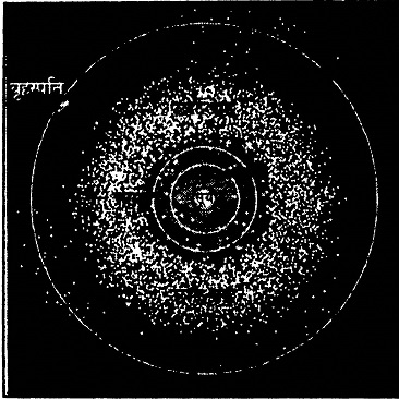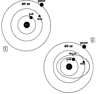 1. इस चित्र में सूरज की परिक्रमा करने वाले ग्रहों में से पृथ्वी, मंगल, बृहस्पति को दिखाया गया है। मंगल और बृहस्पति के बीच मौजूद छोटे ग्रहों की पट्टी भी दिख रही है। इस पट्टी में अब तक 7000 से भी ज्यादा छोटे ग्रह खोजे जा चुके हैं और इनकी संख्या दस हज़ार पार होने की संभावना है। अधिकांश छोटे ग्रह एस्टेरॉयड बेल्ट में रहते हुए ही सूर्य की परिक्रमा करते हैं इसलिए इनकी धरती से दूरी बनी रहती है।
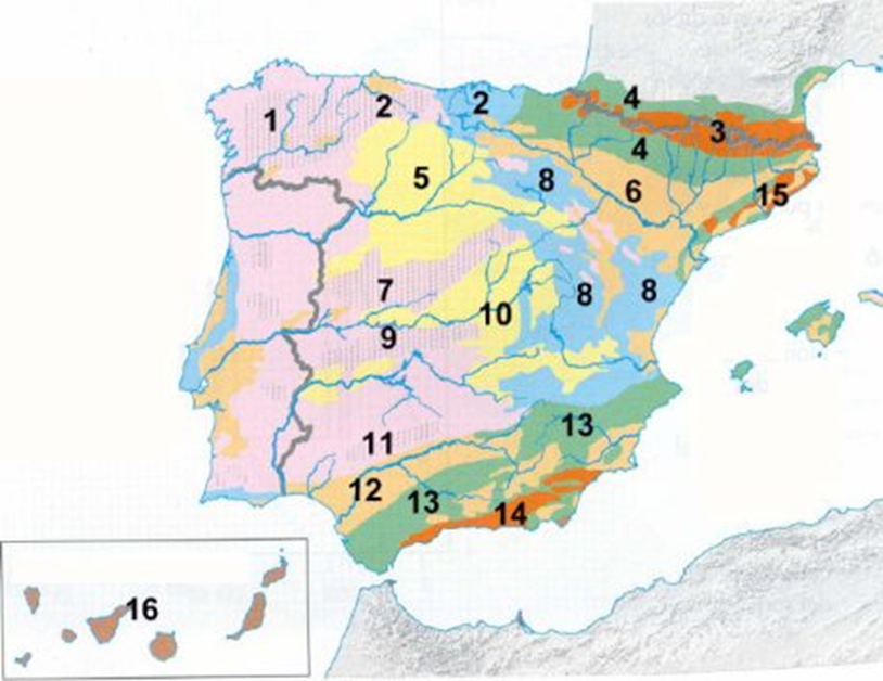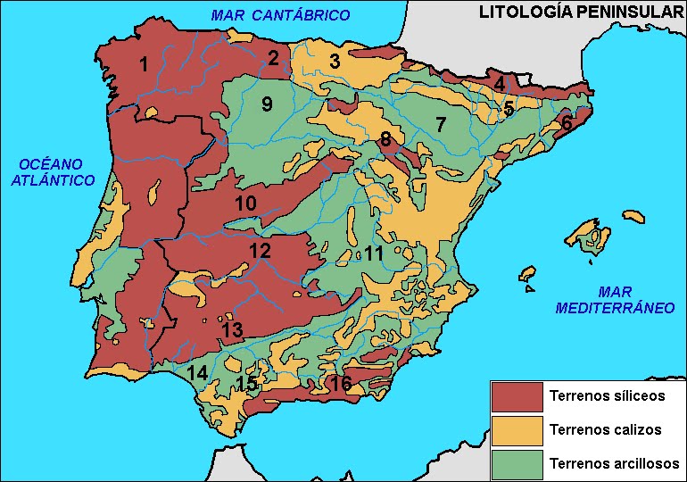 - c) Partiendo de los tres principales tipos de roquedo de la Península Ibérica, nómbrelos con los números que cada uno de ellos tiene superpuestos. ¿Qué rocas predominan en el 16?
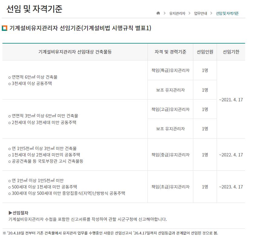 기계설비유지관리자에 대한 선임기준 기한이 2022년 4월 17일 이전까지인 건물을 경우 해당 사이트에서 선임을 신고해야합니다.
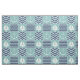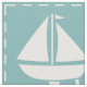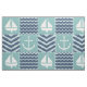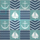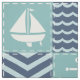 A quilt inspired pattern of stormy turquoise squares, decorated with a white sailboat and anchor, and deep navy blue squares, accented with paler blue chevrons and waves, is accented by white stitching to create a classic nautical feel.
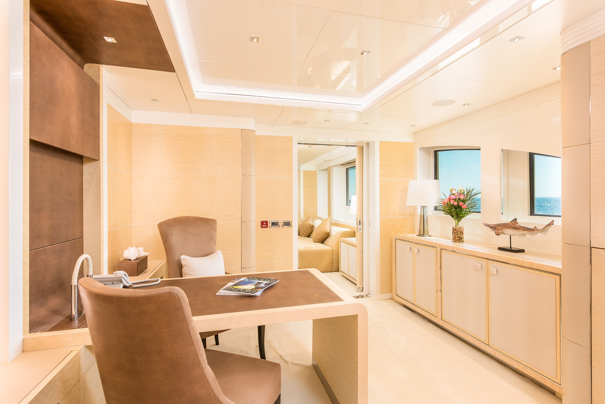 On the main deck forward of the salon, is the first full beam master cabin, with private study and center lined king size bed. On the upper deck, the second master cabin is full beam of the yacht, with a large private study / meeting lounge and center lined king size bed. The lower deck offers 2 VIP cabins and 2 twin cabins.
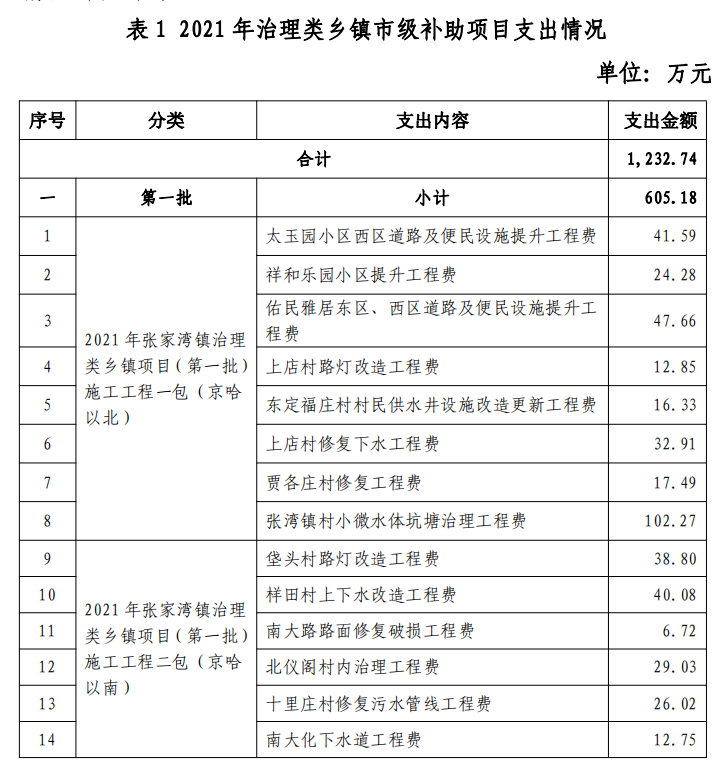 2021年张家湾镇治理类乡镇项目资金共计1232.74万元,均为市级资金,2022年度全部支出。 |
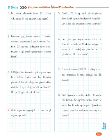 Page 143 - BİNGO 4.SINIF MATEMATİK 1.KİTAP
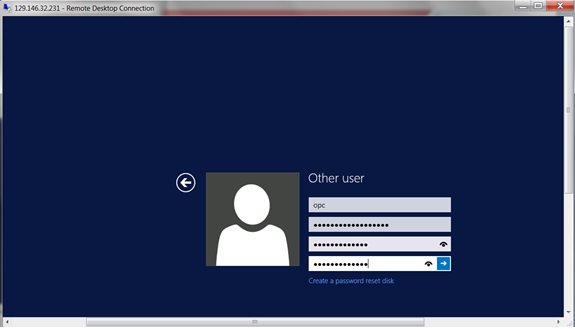 8. Change the password for the opc user following the Microsoft Windows policy for creating a user password.
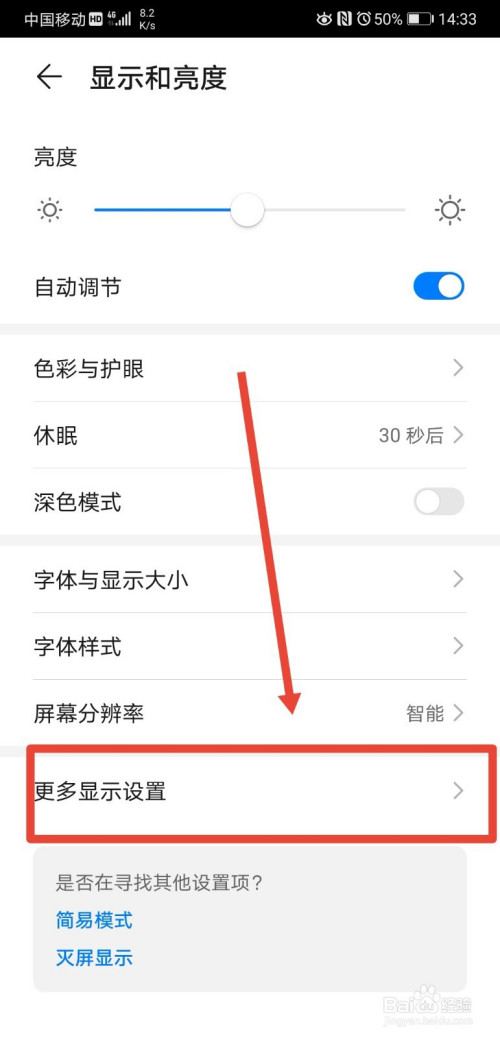 然后在点击进入显示和亮度页面下的更多显示设置功能;

• • • • •

• [ACTIVITY] Only the lines from the one with "A quilt inspired" through the final line of the entries above are to be repeated, exactly as written and without pictures.

• [RESULT OF THE TASK]
 A quilt inspired pattern of stormy turquoise squares, decorated with a white sailboat and anchor, and deep navy blue squares, accented with paler blue chevrons and waves, is accented by white stitching to create a classic nautical feel.
 On the main deck forward of the salon, is the first full beam master cabin, with private study and center lined king size bed. On the upper deck, the second master cabin is full beam of the yacht, with a large private study / meeting lounge and center lined king size bed. The lower deck offers 2 VIP cabins and 2 twin cabins.
 2021年张家湾镇治理类乡镇项目资金共计1232.74万元,均为市级资金,2022年度全部支出。 |
 Page 143 - BİNGO 4.SINIF MATEMATİK 1.KİTAP
 8. Change the password for the opc user following the Microsoft Windows policy for creating a user password.
 然后在点击进入显示和亮度页面下的更多显示设置功能;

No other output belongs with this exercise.